■ **Required work**
An exact transcription of all the data is required; the pictures are to be left out.

■ **Material provided**
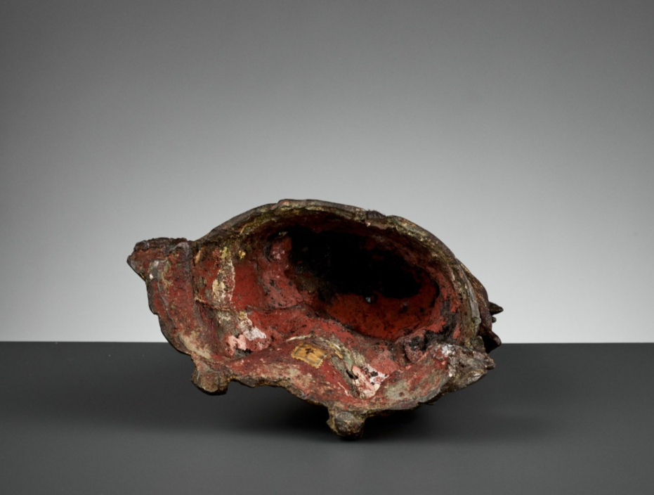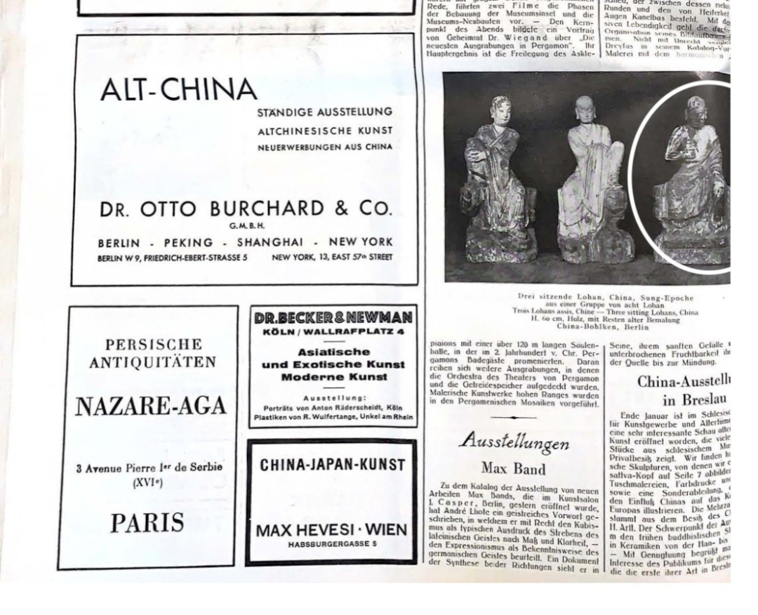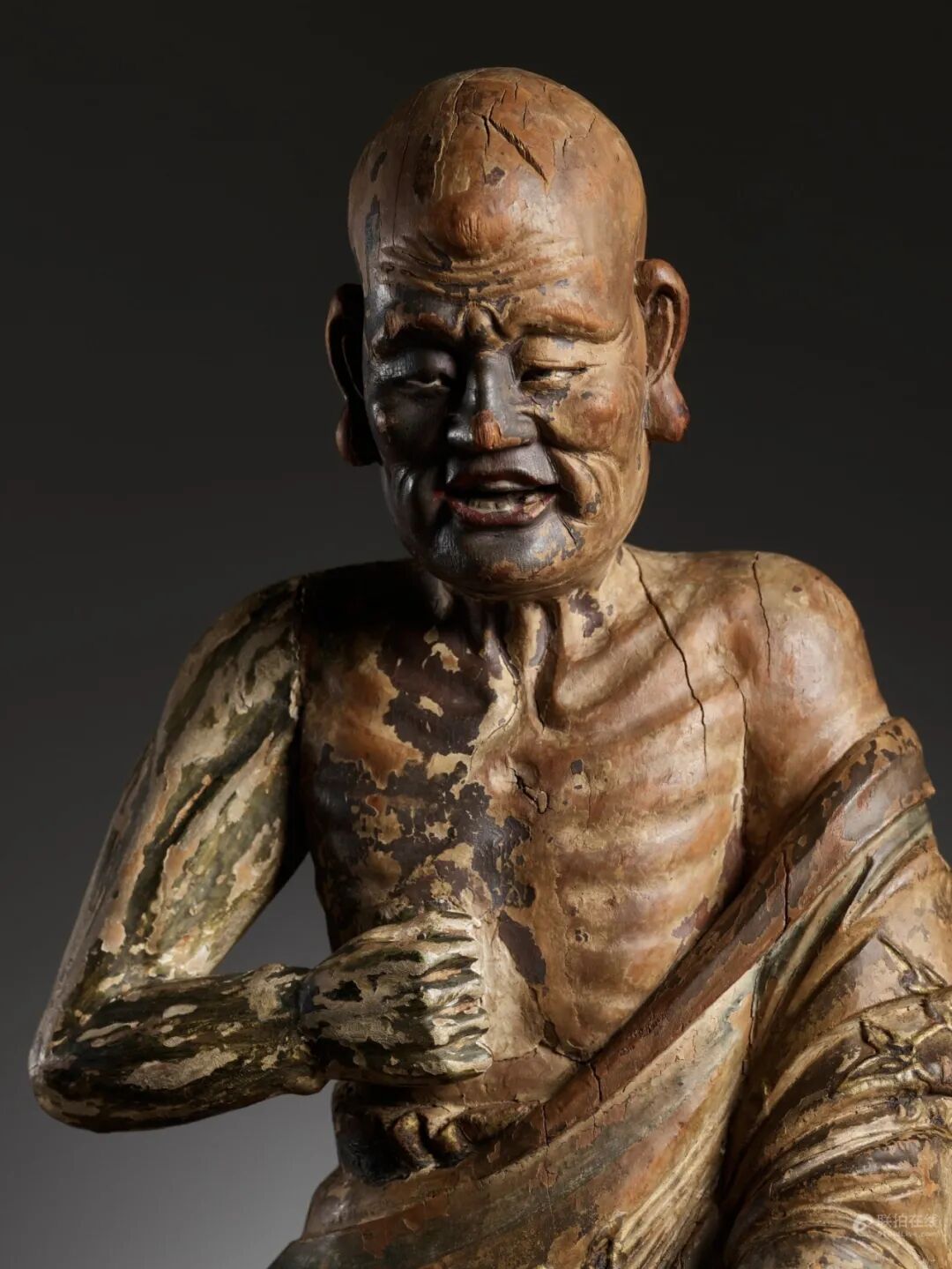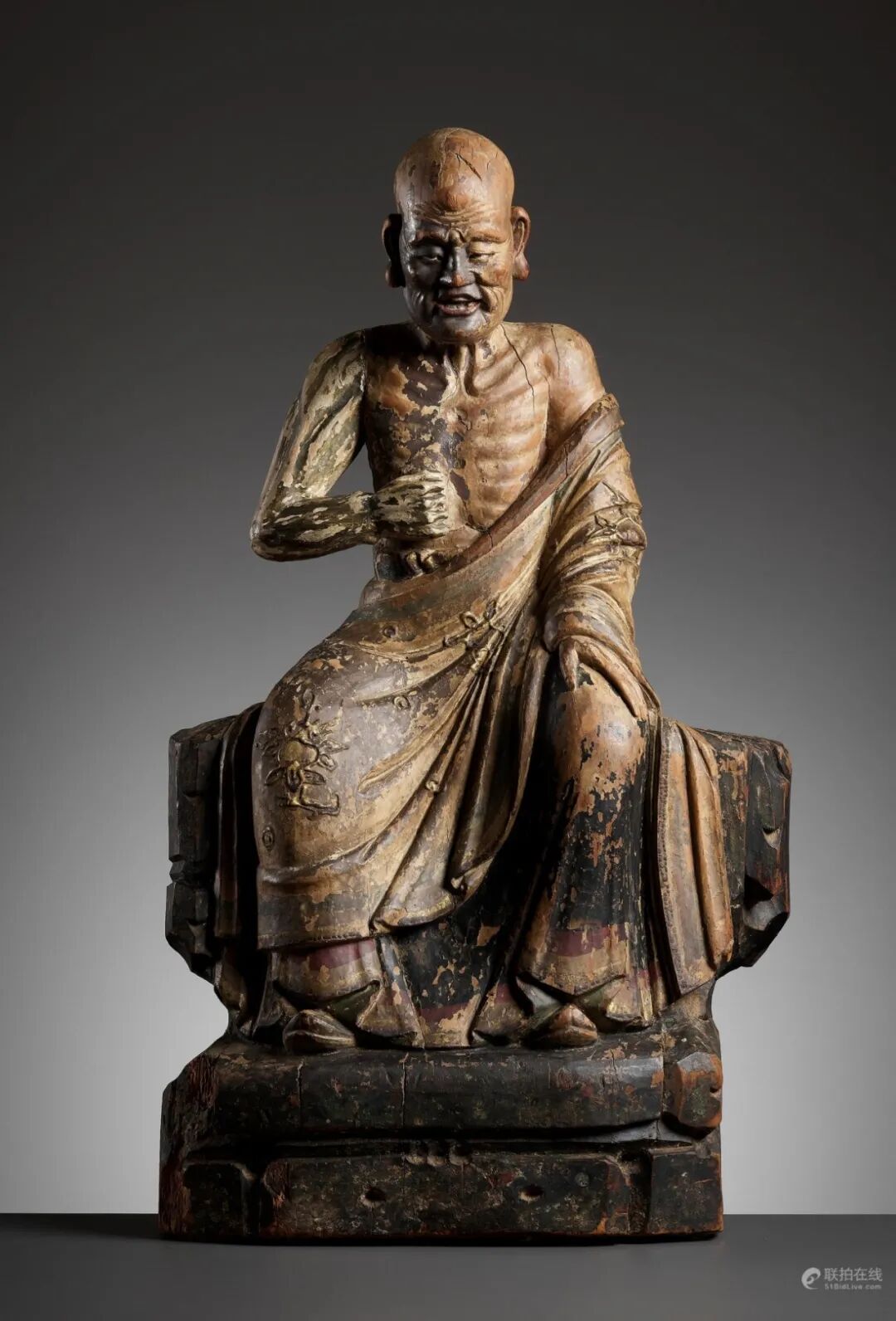 出版:Weltkunst(世界艺术), 1931年2月15日,第5册, 图 7, 第 8页 (与另外两件来自宋代的罗汉像,一共为八罗汉)。来源:柏林 Theodor Bohlken 收藏,1931年。德国 Bernried 的Georg L. Hartl 收藏,萨尔斯堡的私人收藏,购于上述收藏。精雕细刻,罗汉以从容的姿态坐在石座上,右手攥在胸前,左手搭在膝上,左肩披着宽松的天衣,袒右肩,露出嶙峋身体,石膏浮雕花卉纹。沉静的脸庞,眼皮微垂,皱纹沟壑,嘴巴微开。Theodor Bohlken(1851-1954)曾是 20 世纪上半叶著名的中国艺术品经销商。其商铺的第一层售卖茶叶,上面三层陈列著从魏到明的佛教雕塑、从汉代到晚清的中国陶瓷,以及日本的艺术品。其客户主要是出差到柏林的私人收藏家。在科隆的东亚艺术博物馆和柏林的亚洲艺术博物馆中都有来自 Bohlken 的物品。出版:Weltkunst(世界艺术),1931年2月15日。
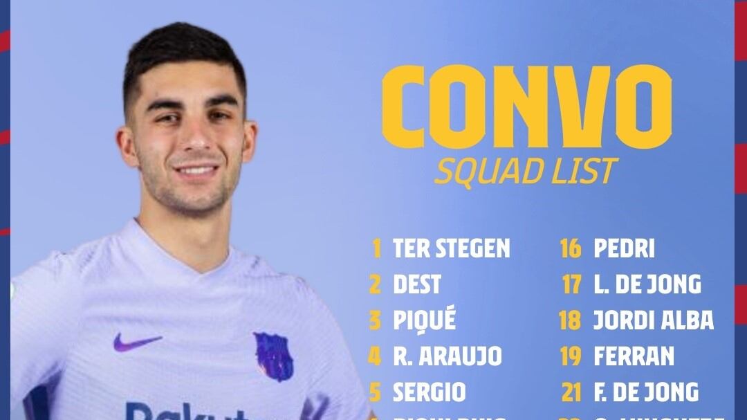 La lista de convocados para la ‘final’ en Estambul está integrada por Ter Stegen, Dest, Piqué, Araujo, Sergio Busquets, Riqui Puig, Dembélé, Memphis, Adama, Braithwaite, Neto, Lenglet, Pedri, L. De Jong, Jordi Alba, Ferran, F. De Jong, Mingueza, Eric, Aubameyang, Nico, Gavi y Arnau Tenas.
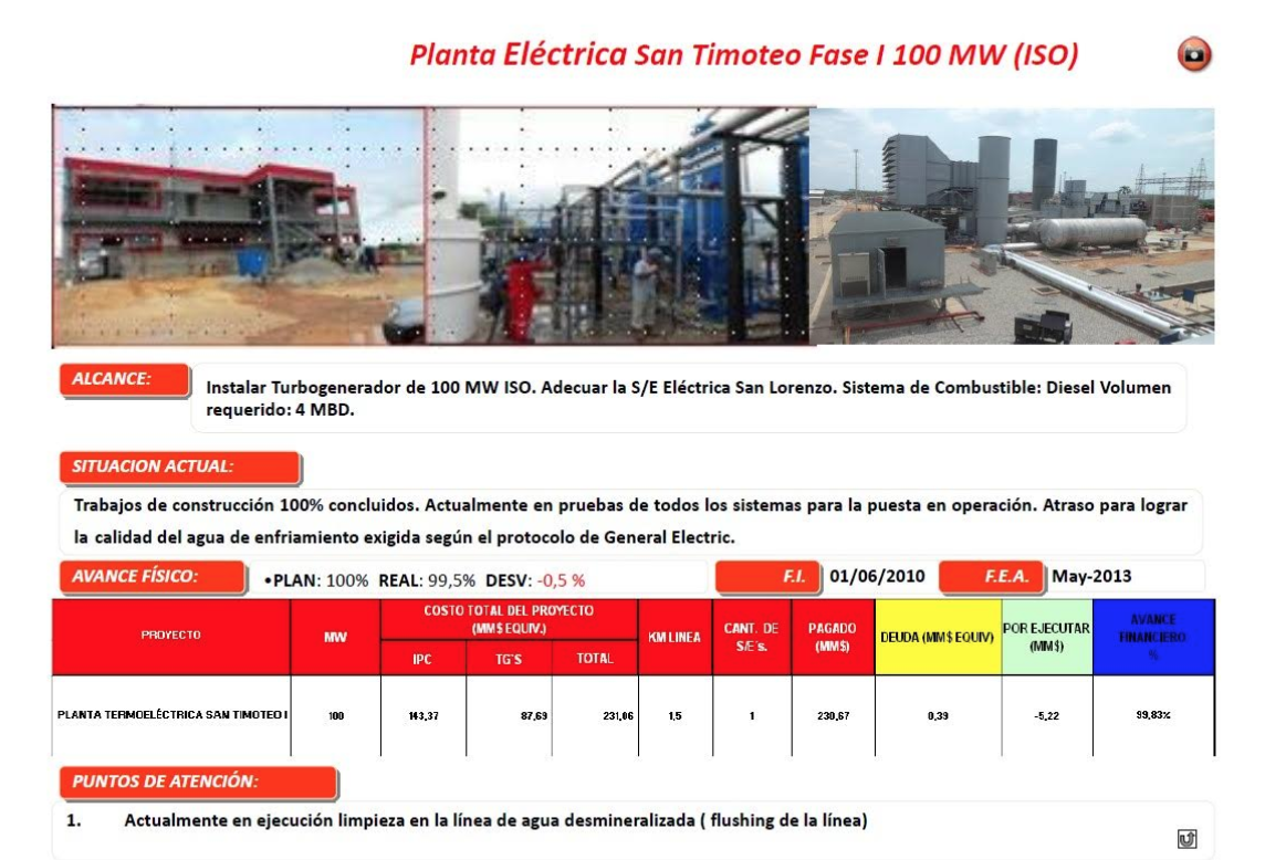 La Planta San Timoteo I, ejecutada por General Electric para instalar una máquina modelo LM100 con capacidad para generar 100 MW ISO, en fase de construcción para el momento del informe, presentaba un avance físico de acuerdo al plan de 100 por ciento, pero que en la realidad era de 99,50 por ciento.
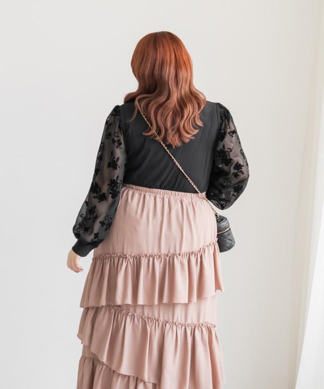 3Lサイズ/ブラック着用 maika:161cm/普段トップス3L・ボトム3L~4L着用

■ **Task output**
 出版:Weltkunst(世界艺术), 1931年2月15日,第5册, 图 7, 第 8页 (与另外两件来自宋代的罗汉像,一共为八罗汉)。来源:柏林 Theodor Bohlken 收藏,1931年。德国 Bernried 的Georg L. Hartl 收藏,萨尔斯堡的私人收藏,购于上述收藏。精雕细刻,罗汉以从容的姿态坐在石座上,右手攥在胸前,左手搭在膝上,左肩披着宽松的天衣,袒右肩,露出嶙峋身体,石膏浮雕花卉纹。沉静的脸庞,眼皮微垂,皱纹沟壑,嘴巴微开。Theodor Bohlken(1851-1954)曾是 20 世纪上半叶著名的中国艺术品经销商。其商铺的第一层售卖茶叶,上面三层陈列著从魏到明的佛教雕塑、从汉代到晚清的中国陶瓷,以及日本的艺术品。其客户主要是出差到柏林的私人收藏家。在科隆的东亚艺术博物馆和柏林的亚洲艺术博物馆中都有来自 Bohlken 的物品。出版:Weltkunst(世界艺术),1931年2月15日。
 La lista de convocados para la ‘final’ en Estambul está integrada por Ter Stegen, Dest, Piqué, Araujo, Sergio Busquets, Riqui Puig, Dembélé, Memphis, Adama, Braithwaite, Neto, Lenglet, Pedri, L. De Jong, Jordi Alba, Ferran, F. De Jong, Mingueza, Eric, Aubameyang, Nico, Gavi y Arnau Tenas.
 La Planta San Timoteo I, ejecutada por General Electric para instalar una máquina modelo LM100 con capacidad para generar 100 MW ISO, en fase de construcción para el momento del informe, presentaba un avance físico de acuerdo al plan de 100 por ciento, pero que en la realidad era de 99,50 por ciento.
 3Lサイズ/ブラック着用 maika:161cm/普段トップス3L・ボトム3L~4L着用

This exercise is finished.